## YOUR ASSIGNMENT
Would you give the listing again exactly, without its images?

DATASET EXCERPT START

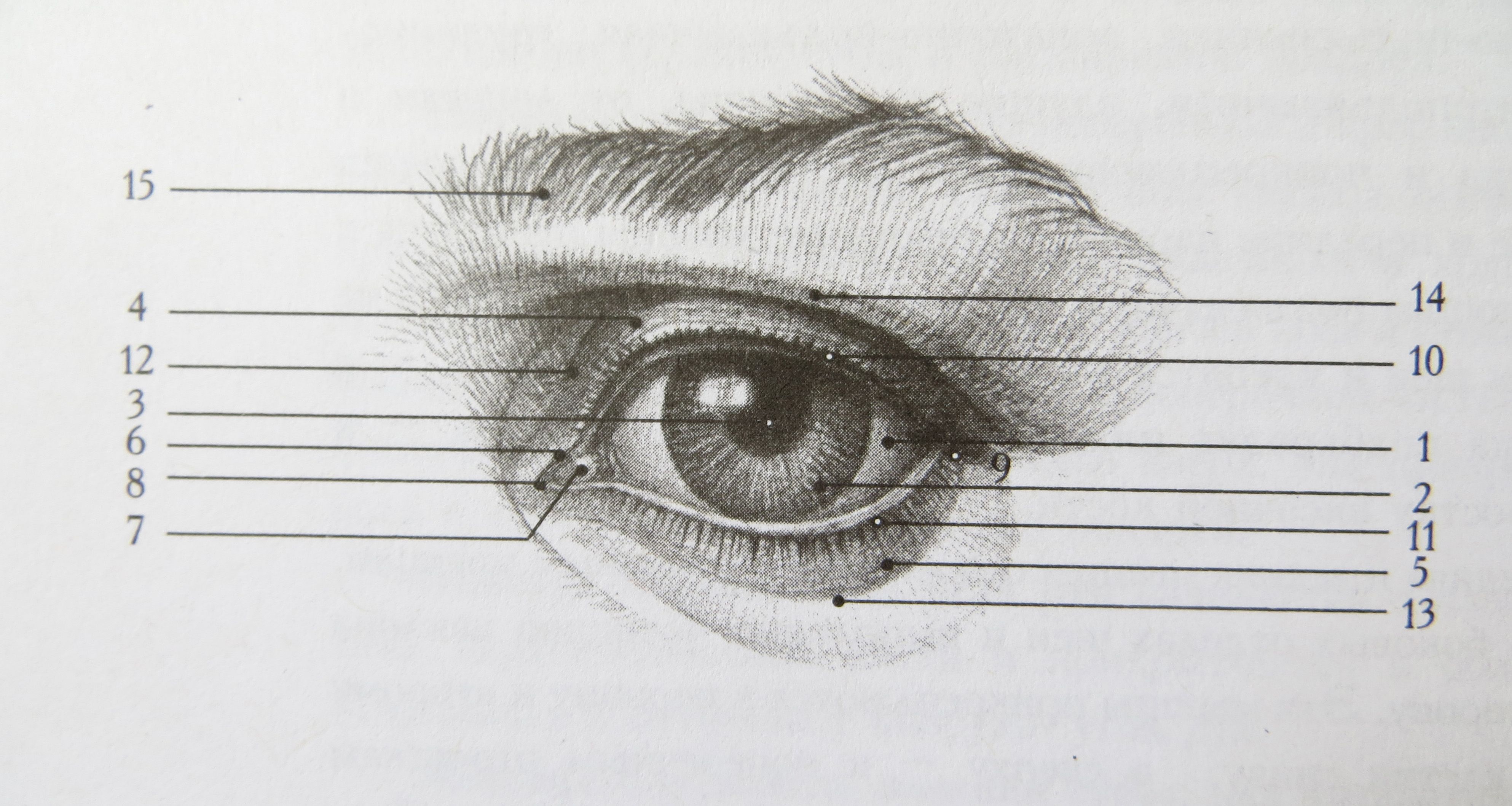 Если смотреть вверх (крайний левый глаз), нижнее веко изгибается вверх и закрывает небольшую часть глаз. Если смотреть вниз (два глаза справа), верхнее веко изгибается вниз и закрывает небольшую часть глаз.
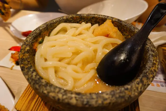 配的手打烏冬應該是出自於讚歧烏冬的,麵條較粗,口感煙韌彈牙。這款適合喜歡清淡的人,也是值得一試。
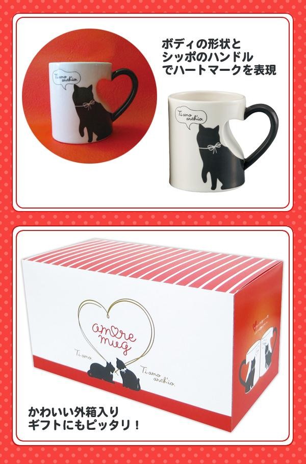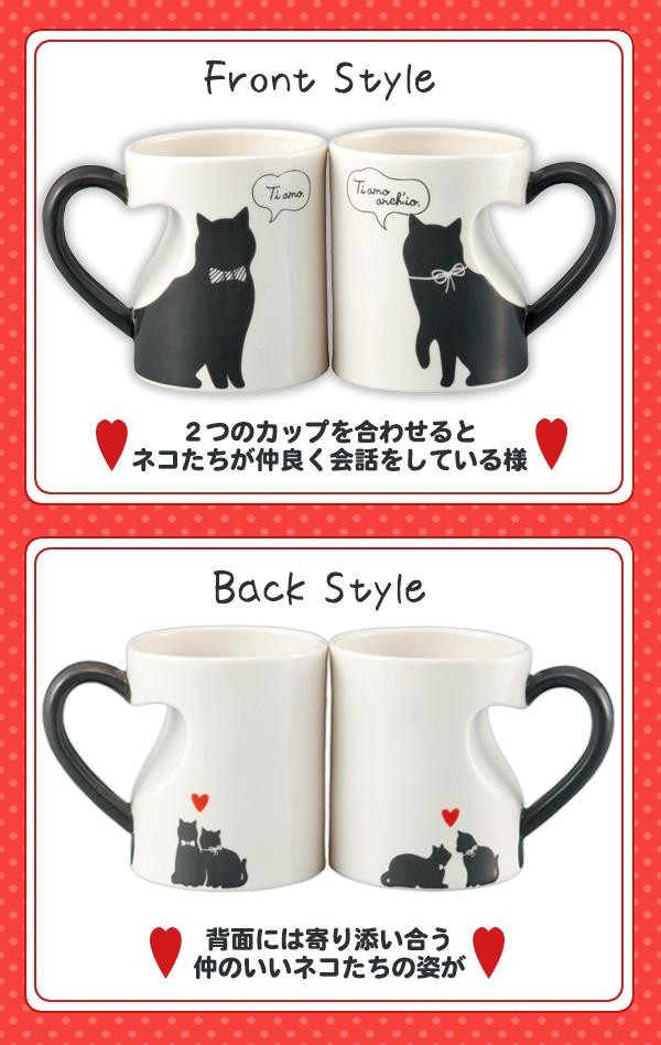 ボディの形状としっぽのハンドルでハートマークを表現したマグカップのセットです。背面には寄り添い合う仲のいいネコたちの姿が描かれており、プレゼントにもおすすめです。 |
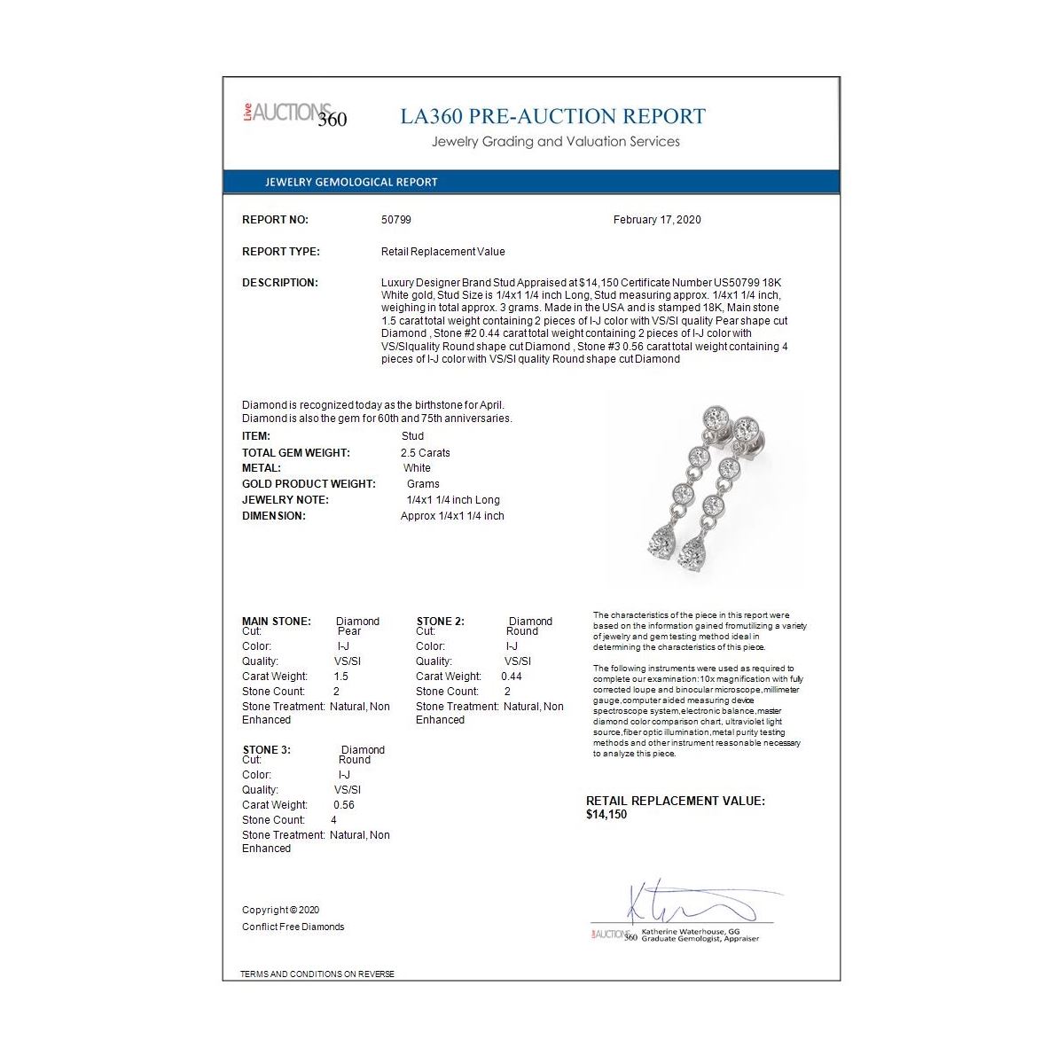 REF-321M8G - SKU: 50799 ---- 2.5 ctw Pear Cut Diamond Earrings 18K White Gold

DATASET EXCERPT END

## WRITTEN REPLY
 Если смотреть вверх (крайний левый глаз), нижнее веко изгибается вверх и закрывает небольшую часть глаз. Если смотреть вниз (два глаза справа), верхнее веко изгибается вниз и закрывает небольшую часть глаз.
 配的手打烏冬應該是出自於讚歧烏冬的,麵條較粗,口感煙韌彈牙。這款適合喜歡清淡的人,也是值得一試。
 ボディの形状としっぽのハンドルでハートマークを表現したマグカップのセットです。背面には寄り添い合う仲のいいネコたちの姿が描かれており、プレゼントにもおすすめです。 |
 REF-321M8G - SKU: 50799 ---- 2.5 ctw Pear Cut Diamond Earrings 18K White Gold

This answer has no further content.